### THE TASK
Write out again the lines from the line with "結構:、插銷、立架、構成的底" up to and including the line with "The coefficient of", exactly as they stand below, and skip any picture.

### RECORDS FOR THE TASK
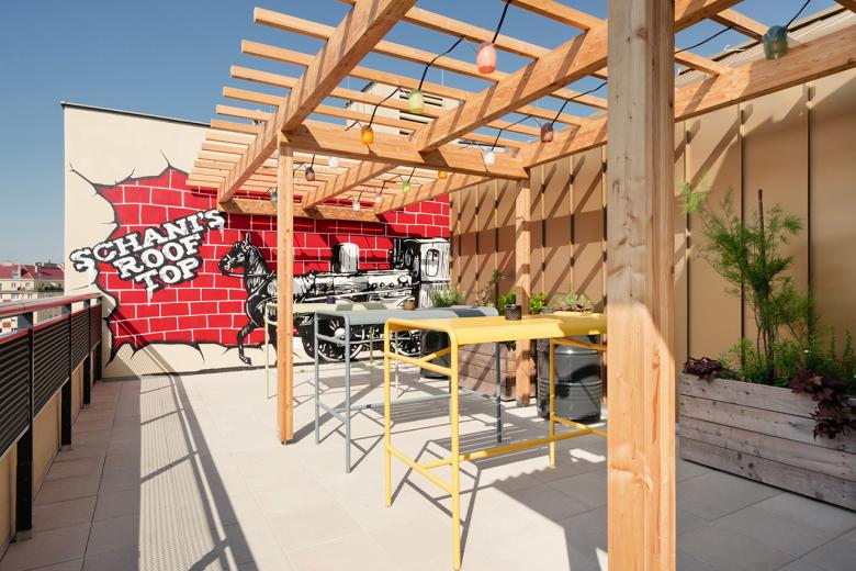 On the terrace with its leafy pergola, nature is the designer: a breathtaking view over the Vienna Arsenal and the Sonnwendviertel enchants guests here.
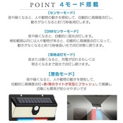このソーラーセンサーライトは、190個の高輝度LEDを搭載し、正面と両側の3方向に広がる光で、最大限の照明範囲を確保します。家庭やオフィス、庭、駐車場など、あらゆる場所で安心・安全をサポートする万能ライトです。さらに、赤と青のフラッシュライトを備えた警告モードを搭載し、防犯対策にも最適です。
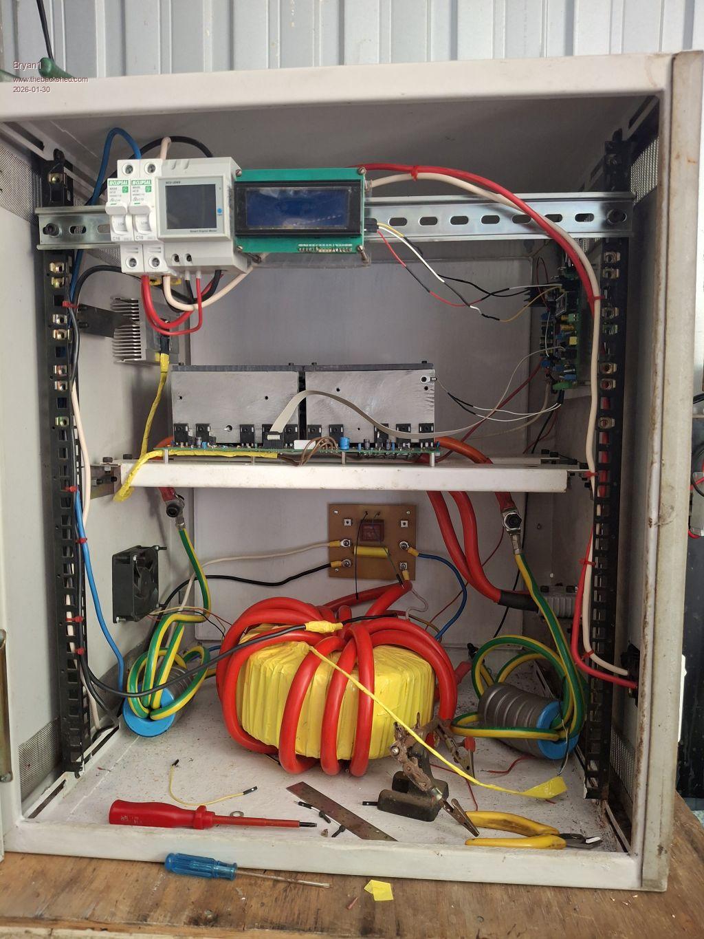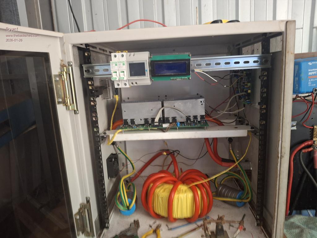 Well working on the inverter last night I did notice I had the Anderson connector upside down and I am glad I found it, anyway turning it around and clamping it back didn't take long. So got onto finishing the AC board and got mounted then got onto the AC wires and for the wire just stripped a couple of metres of 3 phase 32 amp wire I had here and with one lead from the toroid it went thru the hole of this energy meter then back to the AC board. A few little jobs left like make the wires for the VFB connection and fix the temp sensor wire on the toroid as it did pull out when I was tensioning the connections. Also got the earth to sort out. ![]() So tomorrow will be the big day to see if my hard work has paid off Now don't know why Aussie post has become snail mail as had one Ali package sitting at Adelaide airport since Last Saturday and that SSD 128gig HD coming from Brisbane from Umart is still there after 4 days. Cheers Bryan Edited 2026-01-30 15:24 by Bryan1 |
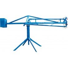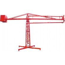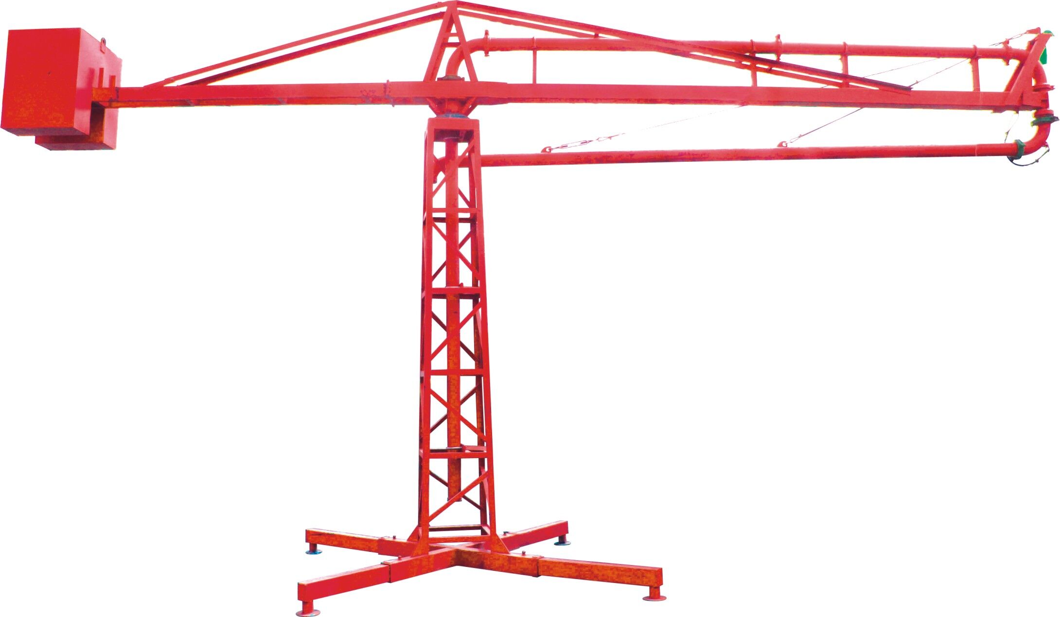 結構:、插銷、立架、構成的底座是固定部分,其上通過回轉支承與上部回轉部分相連,上主梁架、平衡臂、平衡臂架拉桿、上橫桿組成后回轉部分。立管上有回轉卡篐接頭。通過人力拉動,可使整個回轉部分回轉360度。上梁主架前端連接有一個回轉支座與前橫桿、前拉桿組成前回轉部分,在人力拉動下可繞回轉支座旋轉300度。由兩部分回轉架組成的合成運動就能覆蓋所有布料半徑范圍的布料點。
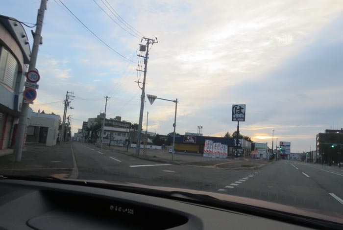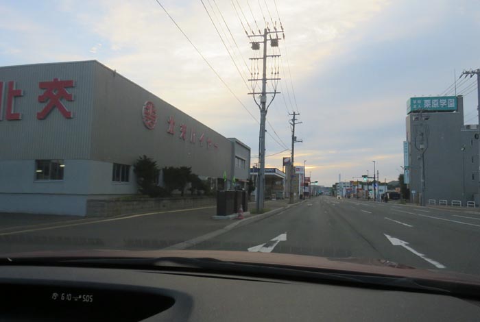 末広町の南岸通り、西4号線バス停前から野付牛自動車学校方向
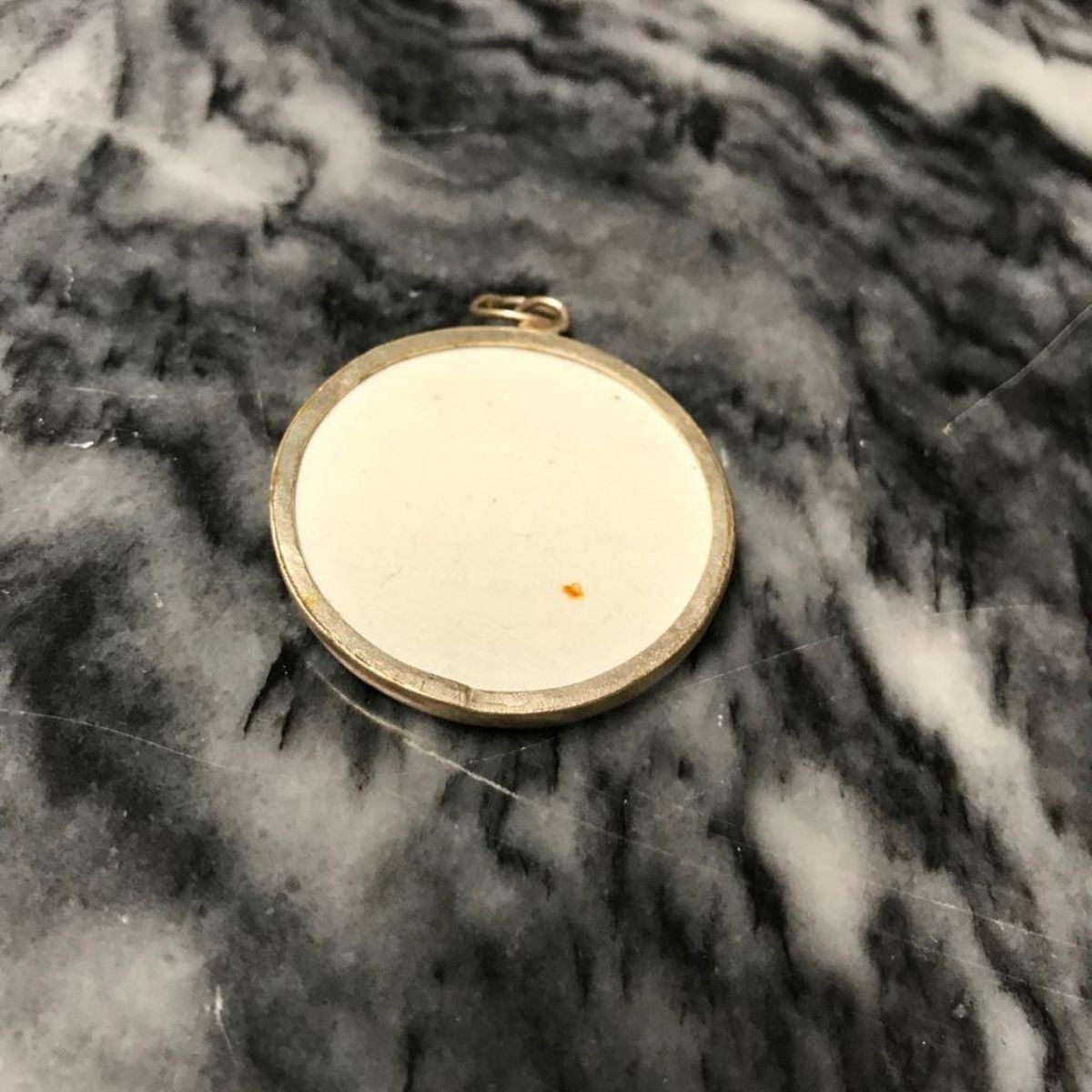 Hand-painted pendant of a bird in flight, wrapped in silver plate bezel, made from a centuries old broken pottery shard, discovered at an archaeological dig at an old porcelain factory that operated from 300 to 900 years ago on the yangtze river in China. Nice, wearable 1 1/2" D. Â
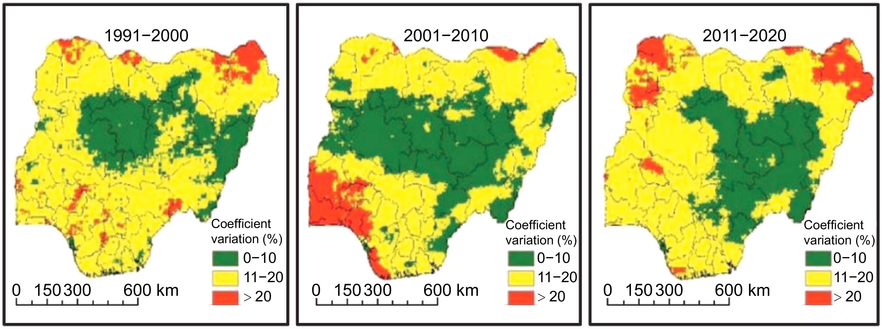 The coefficient of variation of rainfall during the growing season in Nigeria for three decades.
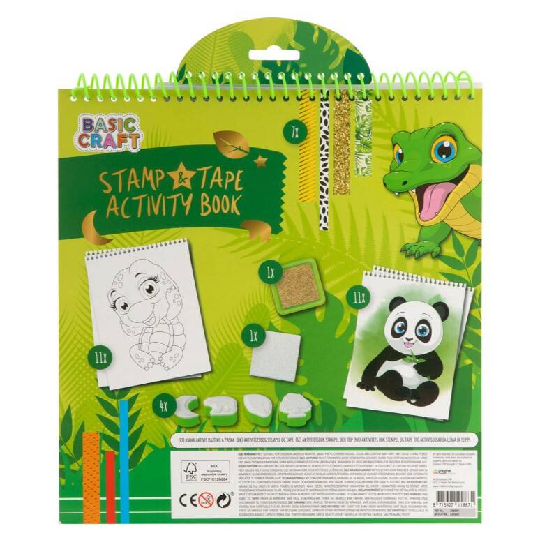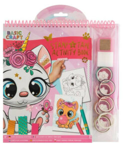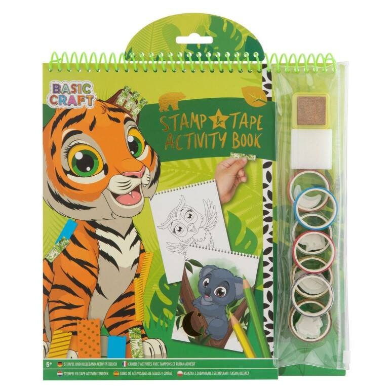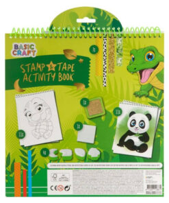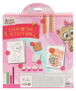A kifestőkönyv minden oldalán gyönyörű képek vannak, a színes szalag és a bélyegzők segítségével pedig a gyerekek alkotásai tovább díszíthetők.

### RESULT
 結構:、插銷、立架、構成的底座是固定部分,其上通過回轉支承與上部回轉部分相連,上主梁架、平衡臂、平衡臂架拉桿、上橫桿組成后回轉部分。立管上有回轉卡篐接頭。通過人力拉動,可使整個回轉部分回轉360度。上梁主架前端連接有一個回轉支座與前橫桿、前拉桿組成前回轉部分,在人力拉動下可繞回轉支座旋轉300度。由兩部分回轉架組成的合成運動就能覆蓋所有布料半徑范圍的布料點。
 末広町の南岸通り、西4号線バス停前から野付牛自動車学校方向
 Hand-painted pendant of a bird in flight, wrapped in silver plate bezel, made from a centuries old broken pottery shard, discovered at an archaeological dig at an old porcelain factory that operated from 300 to 900 years ago on the yangtze river in China. Nice, wearable 1 1/2" D. Â
 The coefficient of variation of rainfall during the growing season in Nigeria for three decades.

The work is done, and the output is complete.